Risultano quindi ingannevoli le tesi che sostengono che il premierato in via di gestazione (che continua e sancisce un salto di qualità lungo la strada delle varie riforme istituzionali reazionarie) e l’autonomia differenziata, che è in via di approvazione definitiva (dopo vari decenni preparatori che ne hanno già costruito e sancito ampi presupposti), siano prospettive tra loro contradditorie. Ossia, espressione di progetti e concezioni di Stato e di società diverse, provenienti da forze a presunta vocazione federalista (Lega), a fronte di quelle sfegatatamente orientate in senso centralista (FdI e FI).
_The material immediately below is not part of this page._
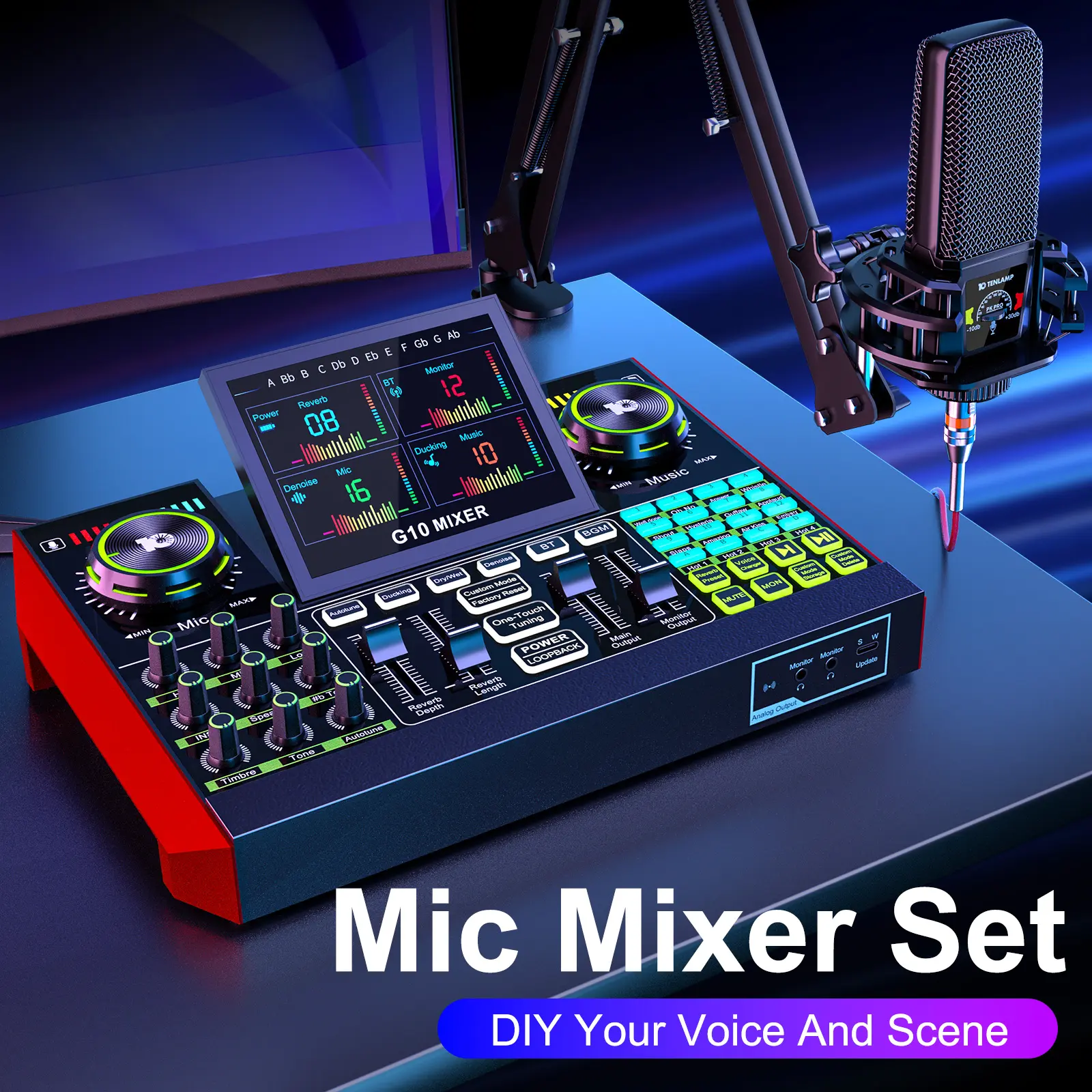 【Podcast Equipment Bundle】The podcast microphone bundle includes everything you need for professional-quality audio creation: a 3.5mm condenser microphone with a disk bracket and the G10 Sound Board. Perfect for podcasters, gamers, streamers, and content creators who want an all-in-one solution for mixing, recording, and streaming.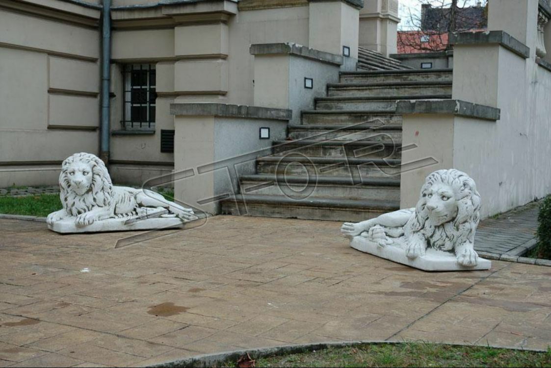 Löwe Liegend Statue Figur Garten Terrassen Dekoration Weiß Natur Skulptur

Queste tesi sono solo il tentativo di forze come il PD, la CGIL e vari settori della sinistra radicale, di occultare le proprie responsabilità e il carattere reazionario e socialfascista delle proprie politiche portate avanti sino all’attuale situazione.

In realtà, il federalismo reazionario si coniuga oggi bene con il tentativo di dar vita ad un regime. Ossia, ad un esecutivo alle dirette dipendenze del grande capitale e in generale del blocco dominante, che operi all’interno delle direttrici strategiche della proiezione imperialista e guerrafondaia, e dello schiacciamento politico ed economico del proletariato e delle masse popolari.

 

contro l’autonomia differenziata e il premierato

contro il regime fascista in formazione

contro l’imperialismo italiano, USA e tedesco per l’indipendenza nazionale

per un movimento rivoluzionario per il rilancio economicoo e politico del Mezzogiorno e delle Isole

per una nuova resistenza

per una democrazia popolare sulla via del socialismo

 

PER LA DEMOCRAZIA POPOLARE

www.perlademocraziapopolare.com

perlademocraziapopolare@protonmail.com

 

 

 

 

 

 

[i] Materie di potestà legislativa esclusiva statale: organizzazione della giustizia di pace (art. 117, secondo comma, lett. l), Cost.); norme generali sull’istruzione (art. 117, secondo comma, lett. n), Cost.); tutela dell’ambiente, dell’ecosistema e dei beni culturali (art. 117, secondo comma, lett. s), Cost.).